Умные мамуки на полпути к дому…
Вдвоём нести по ровному – не дотащить живого: долго, замёрзнет. Значит, четверых отряжать. А наверх втащить – и шестерых мало.
Четверть сотни уйдёт, врага не повидав…
– Жалей меня, Мураш, – ясно сказал Леп. – Или давай, я себя сам пожалею…
Мураш молча сел рядом с ним, взял за руку. Твёрдая была рука…
– Да, – сказал он. – Прости, Леп.
– И ты меня прости… Моё жало только возьми. Потом себе оставь. Получится – жёнке вернёшь. Не получится – и то ладно.
– У тебя жива ещё?
– Жива… Крепкая жи€ла, из горынычей.
– Помню её. А мои все…
– Знаю, Мураш. Передать им что?
– Скажешь, скоро свидимся. Пусть не скучают.
– Ладно…
Мураш принял жало Лепа, поворочал в ладони, привыкая. Рукоять была костяная, шершавая, ухватистая, клинок – трёхвершковый, трёхгранный, чуть изогнутый, с детский палец толщиной, на конце сплюснутый и отточенный, у основания загрублённый, чуть зернистый; древняя вещь.

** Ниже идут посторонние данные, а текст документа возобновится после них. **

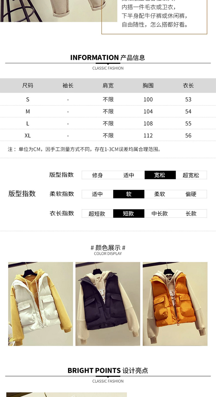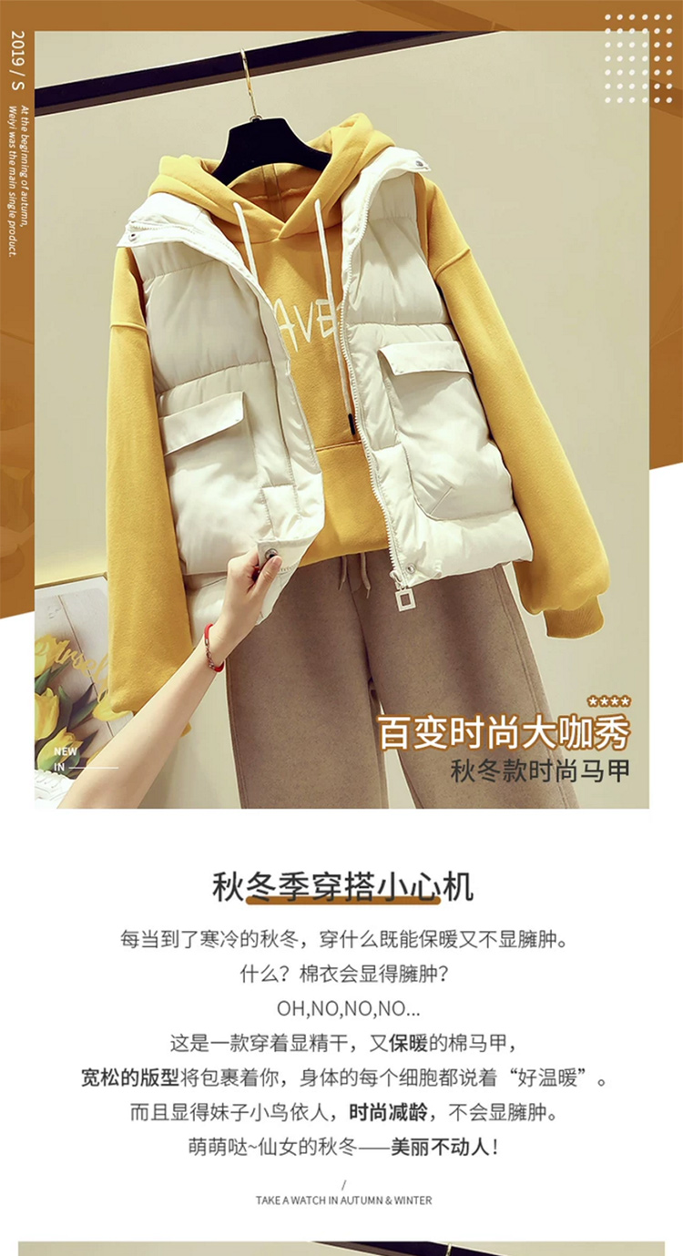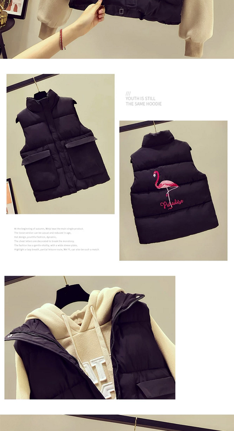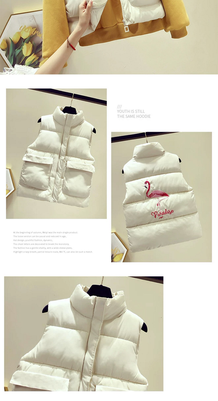羽绒棉马甲女2019秋冬新款韩版宽松学生短款刺绣立领马夹背心外套

– Ещё от прадедов, – подтвердил Леп. Он лёг поудобнее, повернул голову в сторону. – Да, чуть не забыл, – приподнялся. – Брательника моего встретишь, Миху, так передай: проклял его отец наш по- чёрному, пусть знает. Но сам не убивай.

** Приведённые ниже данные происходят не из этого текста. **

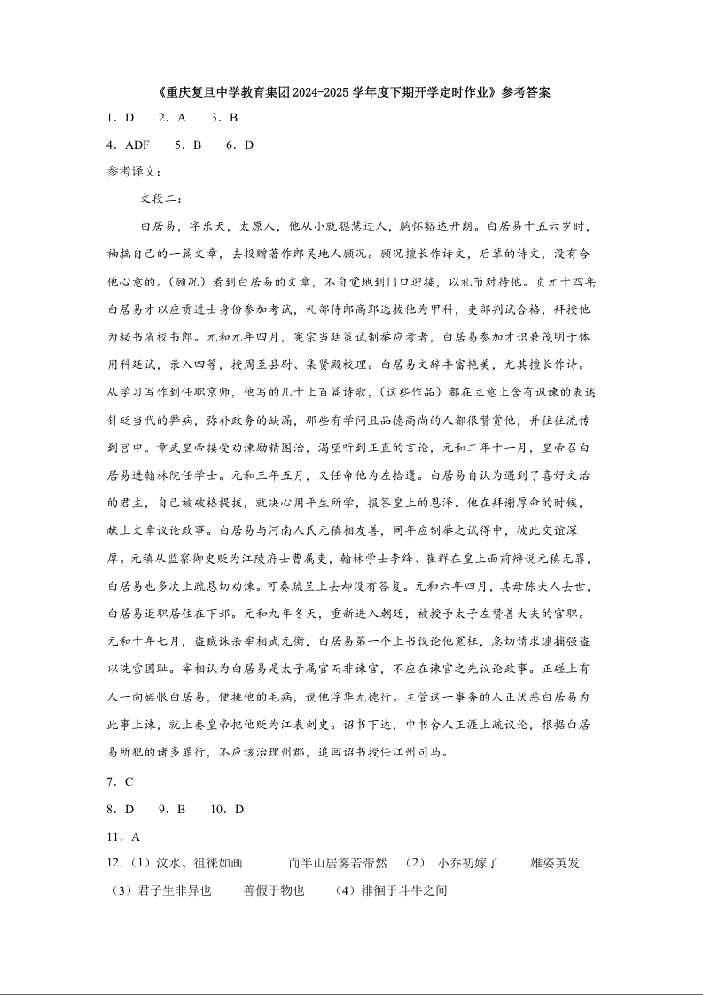 重庆市复旦中学2024-2025学年下学期高一开学定时作业语文答案

– Постараюсь, – сказал Мураш.
Он приложил остриё жала к шее Лепа между напрягшимся щетинистым кадыком и углом челюсти – и мгновенным движением снизу вверх воткнул клинок на все три вершка, не зацепив ни косточки. Леп даже не вздрогнул, только потянулся смертно и тут же обмяк. Одна капелька крови выглянула из звёздчатой ранки…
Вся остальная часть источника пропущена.